On July 19th 1904 an indenture was signed by Victor George Henry Francis Marquis of Conyngham of Slane Castle, Connell Gallagher Tenant and the Most Rev Patrick O’Donnell Bishop of Raphoe. The contract was start of a process which would see Carrickfinn Island getting the first purpose built National School. The school was built on a site given by Connell Gallagher, a tenant of local Conyngham Estate and was supervised by Rev James Walker, Parish Priest of Lower Templecrone in which Carrickfinn Island was a part. The cost of the building was £228 stg, a grant £152 stg was given by Westminster to the Commissioners of Public Works while the remainder was raised within the Parish. This was a very progressive year for the parish with contracts being signed for the erection of a new National School in Annagry and Annagry Carpet Factory, the later by the Congested Districts Board. Hughie McCole from the Hills built the new school and it was opened on March 28th 1906.

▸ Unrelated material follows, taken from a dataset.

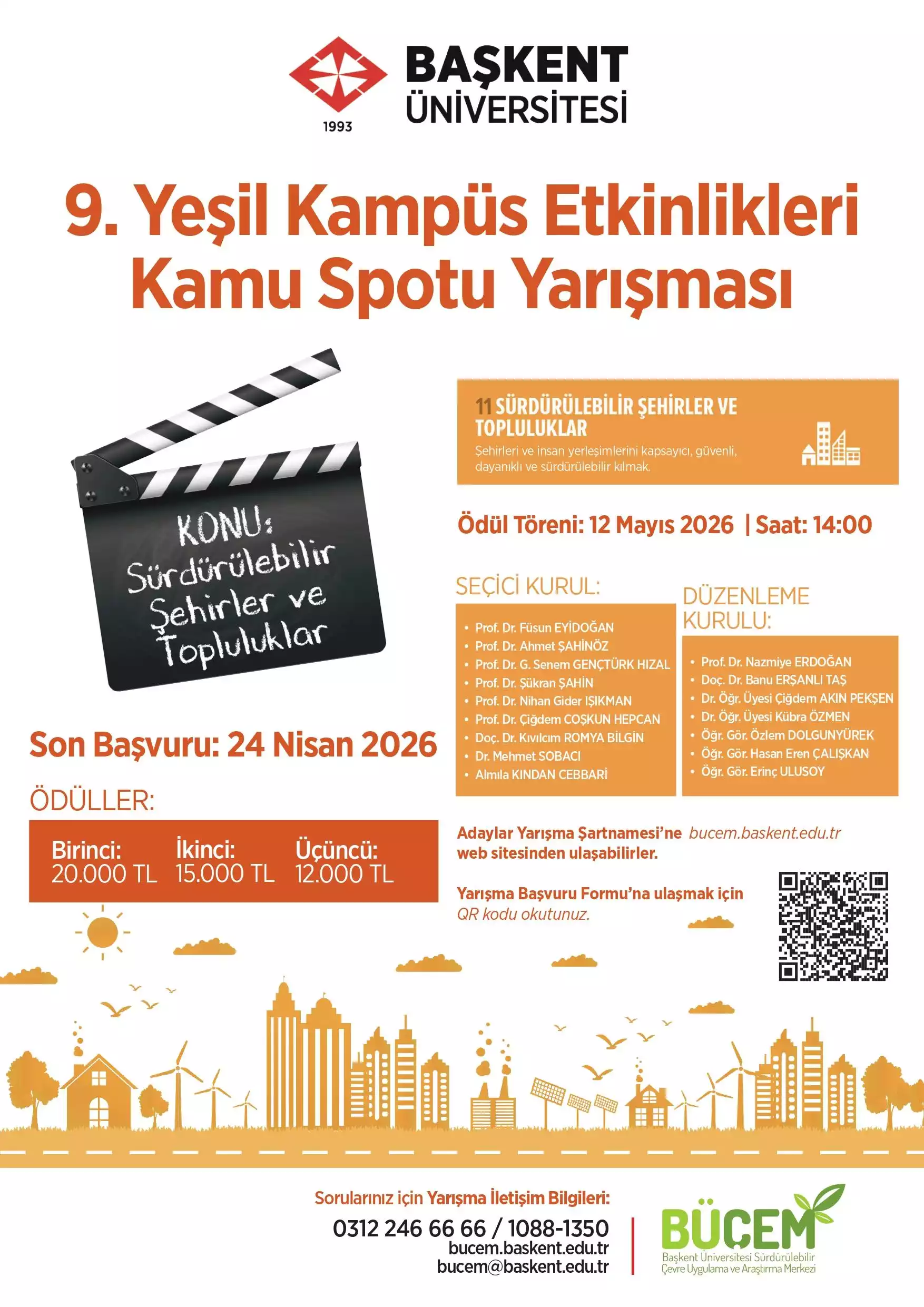 Başkent Üniversitesi Sürdürülebilir Çevre Uygulama ve Araştırma Merkezi tarafından bu yıl 9'uncusu düzenlenecek olan ödüllü 9. Yeşil Kampüs Etkinlikleri Kamu Spotu Yarışmasının konusu Birleşmiş Milletler tarafından kabul edilen 17 Sürdürülebilir Kalkınma Amaçlarından biri olan "SKA11: SÜRDÜRÜLEBİLİR ŞEHİRLER VE TOPLULUKLAR" olarak belirlenmiştir. Yarışma aracılığı ile Türkiye Üniversitelerinde öğrenim gören tüm öğrencilerin bir araya getirilmesi ve çevresel sorunların çözümüne katkı sağlamaları ve Sürdürülebilir Kalkınma Amaçları farkındalığını ve anlayışını artırmak amaçlanmaktadır.

During World War 1, the teachers received a war bonus of £4 4s per annum because of rising inflation.
When Mrs Diver retired in 1915, a young teacher who had just graduated temporarily filled the position. His name was Jimmy Greene from Ranafast who later was to become the most famous Gaelic novelist of the twentieth century under the penname Máire or Seamus Ó Grianna. Jimmy Fheilimidh as he was locally known travelled to school by currach. When the sea was rough he’d stay in the home of Lanty Gallagher, a serving gunner in the Royal Navy. Lanty who joined the Navy in the 1890s was home on leave during Jimmy’s teaching term in Carrickfinn. Lanty, a past pupil of Richard Given ended his naval career in 1919 having seen action as a gunner aboard the flagship HMS Lion during the Battle of Jutland.

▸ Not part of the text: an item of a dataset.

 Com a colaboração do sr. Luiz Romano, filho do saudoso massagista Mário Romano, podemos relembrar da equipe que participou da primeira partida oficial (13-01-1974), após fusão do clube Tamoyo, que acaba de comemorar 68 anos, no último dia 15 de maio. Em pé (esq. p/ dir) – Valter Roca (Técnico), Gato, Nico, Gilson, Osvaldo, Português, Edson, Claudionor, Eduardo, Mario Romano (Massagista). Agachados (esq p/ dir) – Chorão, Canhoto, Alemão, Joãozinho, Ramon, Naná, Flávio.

Many of the pupils recorded on the Carrickfinn Island N. S rolls were attending while at service at neighbouring families. They came from Gweedore, Ranafast, Braade, Drumnacart, Innishinny Island as well as some from other parts of Ireland and Scotland while they visited relatives.
At the old school house, slates and chalk were used to write on, but with inkwells being part of the desks in the new school, the pupils started to use copy books. There were many poems taught at this school over the years with some being later recited by past pupils, poems such as “Casabianca” by Felicia Hemans and “Wee Hughie” by Elizabeth Shane. Elizabeth Shane was the pen name of Gertrude Hind, a regular visitor to Carrickfinn in the 1920s.
In 1926 it became compulsory for every child under the age of 14 to attend National School every day. Mothers who in the past kept the most robust members of the family off school while their husbands were either at the harvest in Scotland or were at sea now faced the full rigours of the law. It was compulsory that every pupil would have with them two sods of turf from home to keep the school fire going, failure to do so resulted in the offender getting a couple of slaps with a willow cane or “sally” rod. With the establishment of the Irish Free State there were some changes to the educational system. It was customary to send the children to herd cattle after school. This was done, so that the unfenced areas could be grazed without destroying their own or the neighbour’s crops. It was common for these children not to have their homework done which resulted in more slaps. The pupils got a pandy (a tin can made by a travelling tinker) of cocoa and a slice of loaf bread and butter. Two of the older children in the school were sent to the Dunleavy’s shop in Calhame, a five mile round trip to get the bread. On the way back hunger pangs would overcome them, so they would carefully open the heel of the loaf and eat the inside. When they would land back with the provisions, an inquisition would begin which would result in……even more slaps!
The Irish language was promoted in Co. Donegal by Crann Eithne, an organisation set up by the Bishop of Raphoe in 1909. The participating teachers availed of a bilingual grant in the region of 17s per year. In 1927 Gaelic became the teaching medium of the education system.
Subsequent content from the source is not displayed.